A man claiming to have robbed numerous New York City banks in the 1990s appeared on Brandon Stanton’s popular Humans of New York blog this week.
We have no way of verifying this story, but in any case, the unnamed man had an interesting tale to tell. He said during his ’90s bank heists he would hand tellers notes to get the cash, and that he never had to carry a gun. Because the security footage was blurry at best during the late ’90s, he says, it was easy to get away with.
In a separate post Stanton published, the man said he didn’t commit a crime until he was 54. Then, he says, he went on a bank robbing spree after pulling a heist for the first time.
It’s been harder to rob banks these days, he says. The man says dye packs from banks exploded on him three separate times, with the worst occurring near Penn Station during the morning rush hour. He claims he heard a noise coming from his pants, followed by a bright neon cloud shooting up towards him. With many people watching, he tossed the money away, jumped in a cab, and went to a bar, according to his story.
In 1990, The New York Times reported a steep rise in bank robberies that was “baffling” both bankers and the FBI. From The Times:
Reasons for the increase are not clear. Law enforcement officials cite several possibilities: the spread of crack addiction, decreased attention by the authorities – who in some cases redeployed their forces against crack – and the recent return to the streets of some jailed bank robbers.
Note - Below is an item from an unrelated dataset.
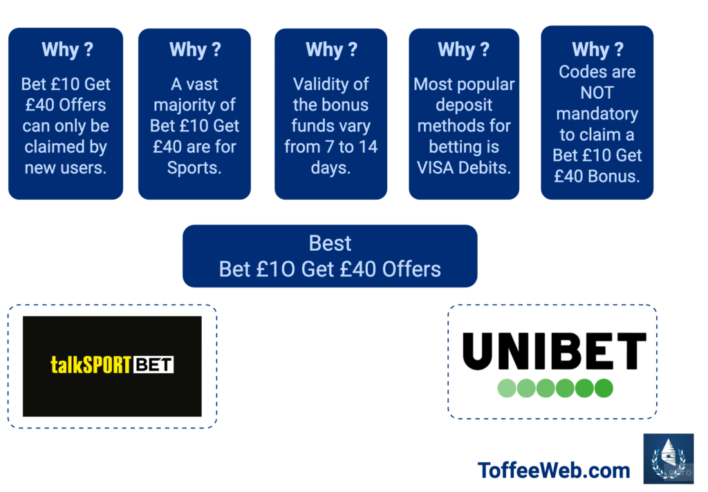 - Bet £10 Get £40 offers are typically provided in the form of Welcome Bonuses which can only be claimed by new customers joining the site.

The banks hit most steadily, bank officials said, are midtown Manhattan branches. Most banks in poorer neighborhoods have installed teller windows of thick plastic while many midtown banks eschew them, and more robbers are blending into crowds or hopping on the subway instead of using getaway cars, the officials said.
During the late ’90s, there were at least a couple of prominent bank robberies within New York, such as the 1998 heist from a Bank of America within the World Trade Center in addition to the “Seven-Second Bandit.”
An NYPD spokesman told Business Insider the department is unable to identify a criminal based solely on a picture, although he advised sending the picture via email to the Deputy Commissioner of Public Information to see if the department can make a match. Business Insider is still waiting for that reply.
However, he added that if the man was never caught for any crime, there would be no way to identify him.